Just in time before a significant weather event that is forecast to bring flooding rains to the Mid Atlantic arrives, the National Weather Service has announced that a key RADAR system is back up and running. According to the Mount Holly, New Jersey of the National Weather Service, the RADAR unit responsible for scanning the skies around Philadelphia, New Jersey, and New York City is now back on-line after being off-line since April 20 due to an overhaul and upgrade.
According to the National Weather Service, technicians refurbished and replaced the pedestal, one of the most critical components of the RADAR, which is necessary for antenna rotation and positioning to capture data in all directions. The components are extremely heavy and required the radome to be removed by crane and replaced. The RADAR and pedestal were designed to last 25 years; according to the Mount Holly NWS Office, this system has exceeded that lifespan. By taking the unit off-line since April 20 to allow for this upgrade, the RADAR should continue to function for 20+ more years.
The pedestal refurbishment is the third major project of the NEXRAD Service Life Extension Program, a series of upgrades that will keep RADAR systems viable into the 2030s. NOAA’s
National Weather Service, the United States Air Force, and the Federal Aviation Administration are investing $135 million in the eight year upgrade program. The first project was the installation of the new signal processor and the second project was the refurbishment of the transmitter. The fourth project will be the refurbishment of the equipment shelters. The Service Life Extension Program will be complete in 2023.
According to NOAA, in addition to the 122 NWS-owned radars, the full nationwide RADAR network includes another 37 radar sites owned by the FAA and Defense Department.
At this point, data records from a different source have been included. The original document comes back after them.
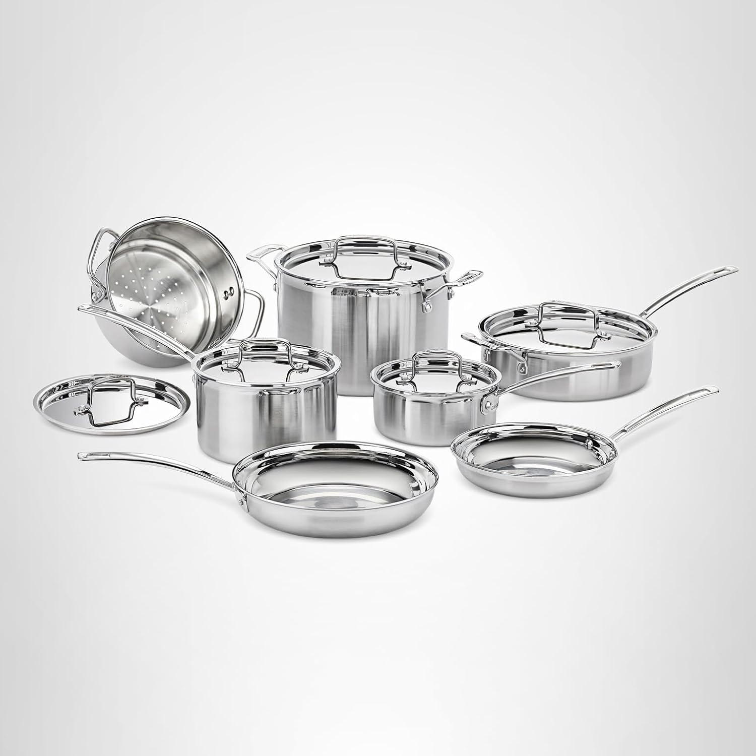 • COOKWARE SET: The Cuisinart 12-Piece Cookware Set includes a 1.5-quart saucepan with lid, 3-quart saucepan with lid, 3.5-quart sauté pan with helper handle and lid, 8-quart stockpot with lid, 8″ skillet, 10″ skillet, and 20cm steamer insert with lid.
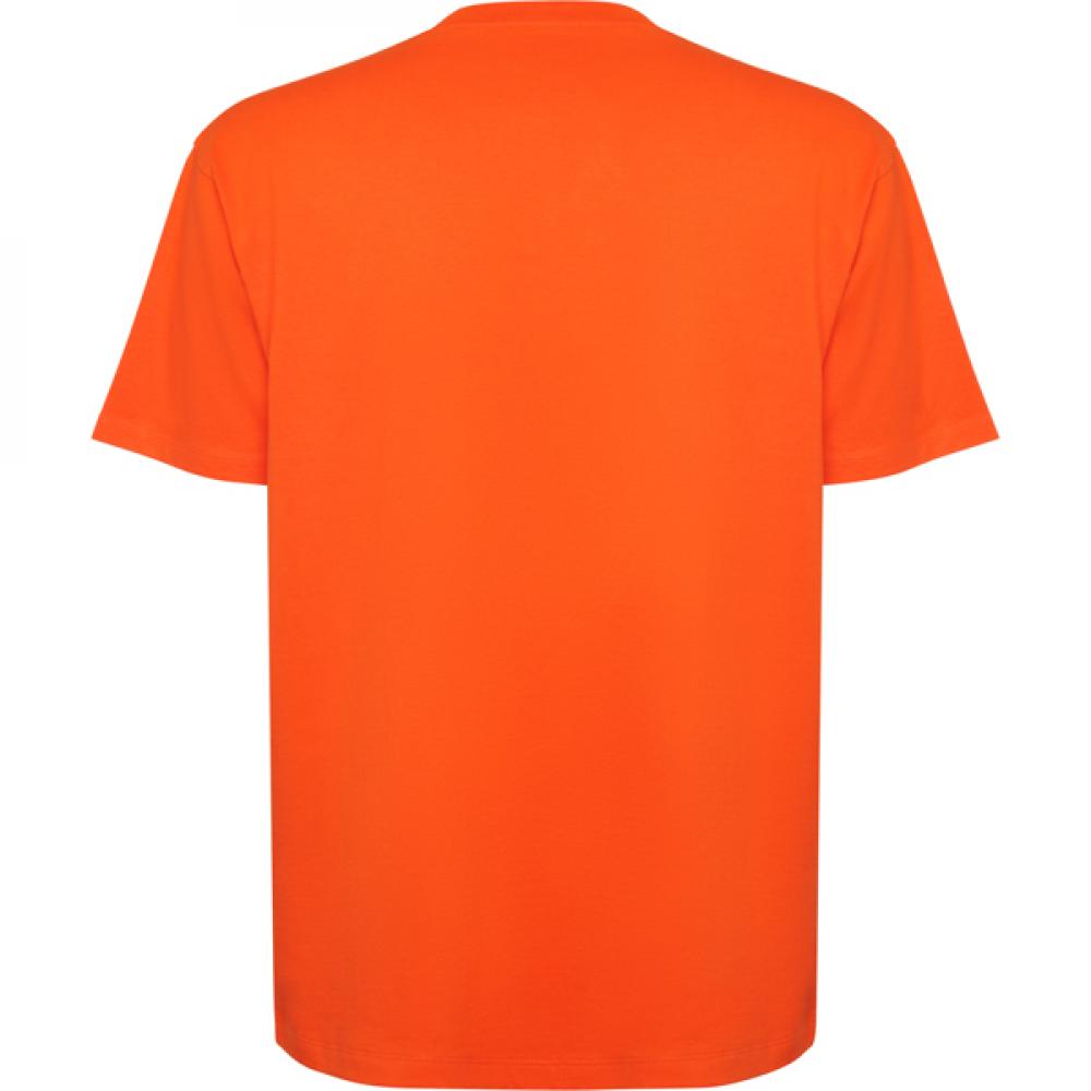 Футболка свободного кроя оверсайз с короткими рукавами. Круглый вырез горловины с отделкой резинкой 2x1 и оверлочными швами в тон. Боковые швы. Широкая двойная строчка на рукавах и по нижнему краю.
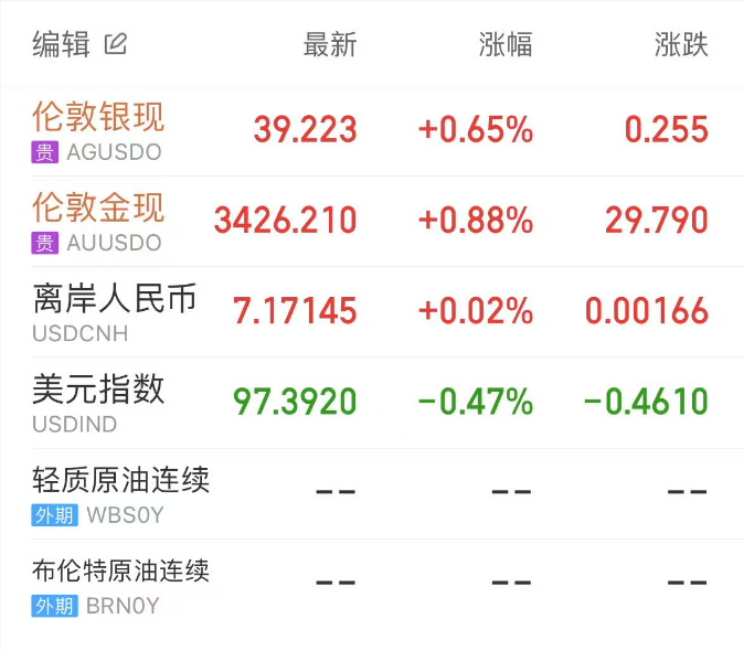现货黄金由跌转涨,伦敦金最终收涨0.92%,收报3427.75美元/盎司,再创一个多月新高;现货白银再度突破39美元关口,伦敦银最终收涨0.72%,报39.249美元/盎司,续刷2011年9月新高。
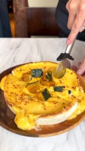 プレスリリース2025年11月28日ボルケーノパスタ ボノネーゼ🧀🧀 チーズの下には、粗挽き肉がゴロゴロ入ったボロネーゼが入っており、太麺にミートソースとチーズが絡んで良い香りが漂います。
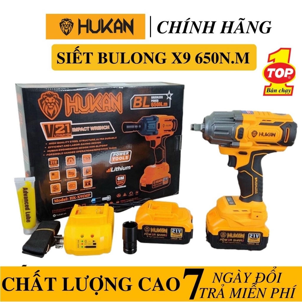 Máy Siết Bulong HUKAN X9 Không Chổi Than Lực Siết 650N.m. Đây là một trong những công cụ không thể thiếu đối với các ngành công nghiệp, ô tô, nồi xe tay ga và nhiều ứng dụng khác.
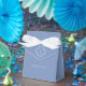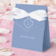 Stylish and chic french style wedding favour boxes. This memorable design features monogrammed couple initials in a lovely set of contemporary fonts inside a delicate white floral frame, against a dusty blue background.
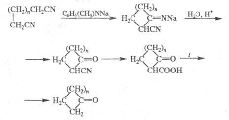 Наиб. легко и с высоким выходом в Циглера реакции образуются циклы C5-C7, выходы циклич. кетонов С9-С13 весьма низкие (1-13%), для получения циклов С14-С33 используют спец. аппаратуру и большое разбавление (выход 60-80%). Циклы С3-С4 этим способом получить не удается.
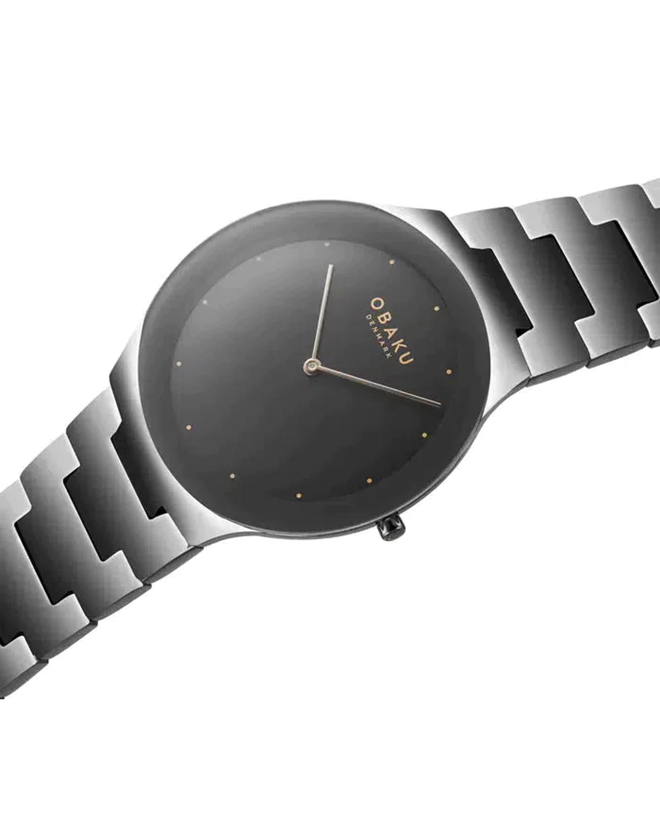 Женские датские наручные часы с сапфировым стекломСапфировое стеклоПрочный и надёжный материал из кристалла сапфира синтетического происхождения, характеризующийся особой твёрдостью и устойчивостью к царапинам и повреждениям. Obaku Links V290GXUUSU, кварцевый механизм с высокой точностью. Класс водозащиты: 30 метров, позволит защитить корпус от случайных брызг или капель дождя. Корпус часов изготовлен из стали с IP-покрытиемIP-покрытиеМетод ионного напыления. Демонстрирует повышенную устойчивость к истиранию, окислению и химическим веществам. Под воздействием высокого давления и температуры около 1500°C молекулы металла надёжно соединяются с частицами корпуса часов.. Стальной браслет на раскладной застёжкеРаскладная застёжкаТакой тип застёжки используется только на браслетах из металла. Она никогда не раскрывается полностью, происходит разделение на 2 и более частей. Раскладывающая застёжка снизит вероятность потери часов к минимуму. с IP-покрытиемIP-покрытиеМетод ионного напыления. Демонстрирует повышенную устойчивость к истиранию, окислению и химическим веществам. Под воздействием высокого давления и температуры около 1500°C молекулы металла надёжно соединяются с частицами корпуса часов.. Циферблат инкрустирован кристаллами.
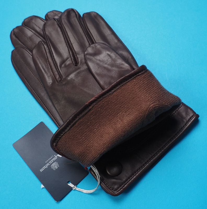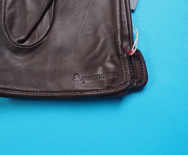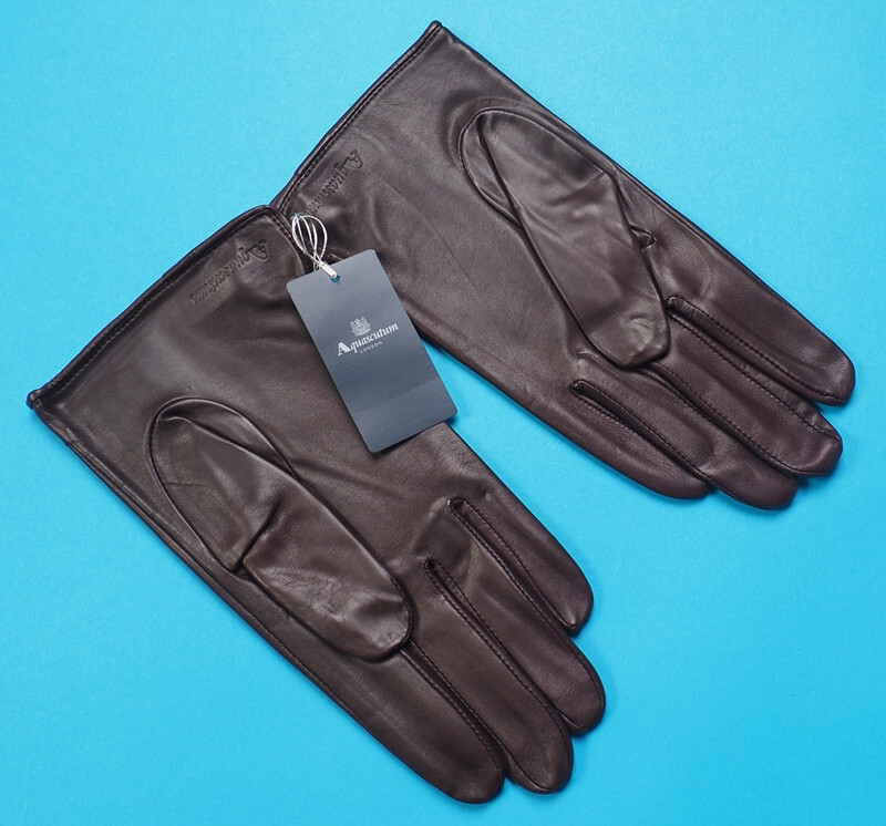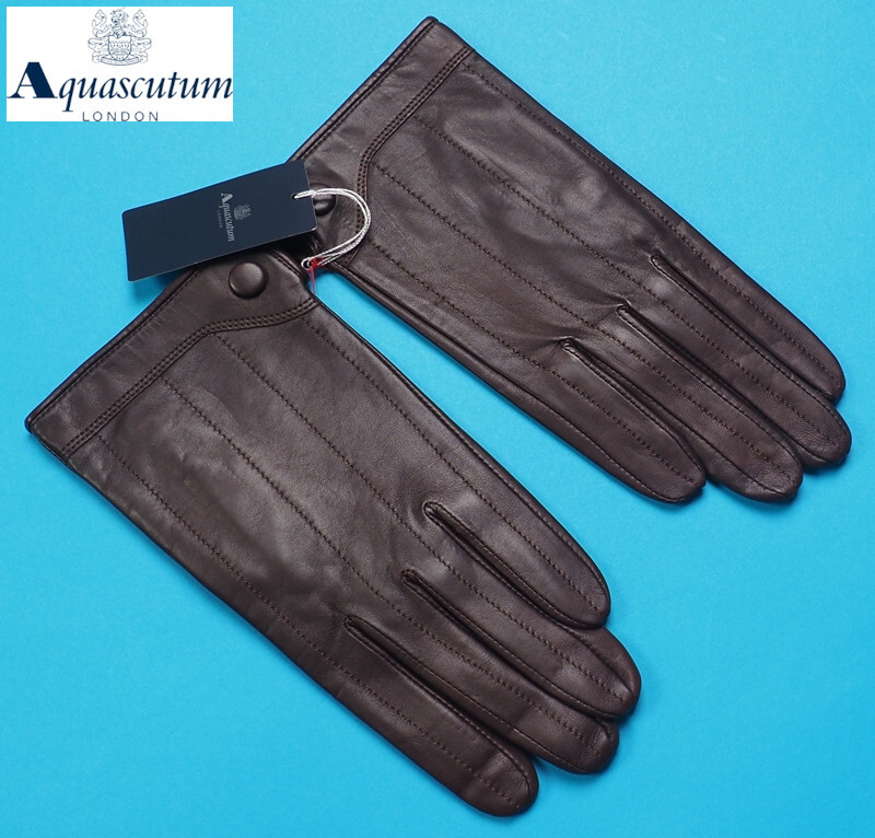 新品正規 Aquascutum アクアスキュータム 羊革レザー ステッチ装飾 手袋/グローブ 手囲い25cm(L)濃茶 AQ38053

NOAA’s NEXRAD radar program is a tri-agency effort with NOAA, the Federal Aviation Administration, and the United States Air Force.
During the downtime of the New Jersey unit, adjacent radars were available, including: KDOX at Dover Air Force Base in Delaware, KOKX managed by the New York City office of the National Weather Service, KBGM managed by the Binghamton office of the National Weather Service in New York, KCCX managed by the State College office of the National Weather Service in Pennsylvania, and KLWX which is managed by the Sterling, Virginia office of the National Weather Service. These weather service RADARs are supplemented with Terminal Doppler radars at airports at Philadelphia International, Newark Liberty, and Baltimore’s BWI. These other RADARs were helpful in a severe weather event that unfolded last week, including one storm which dropped a tornado at the Jersey Shore.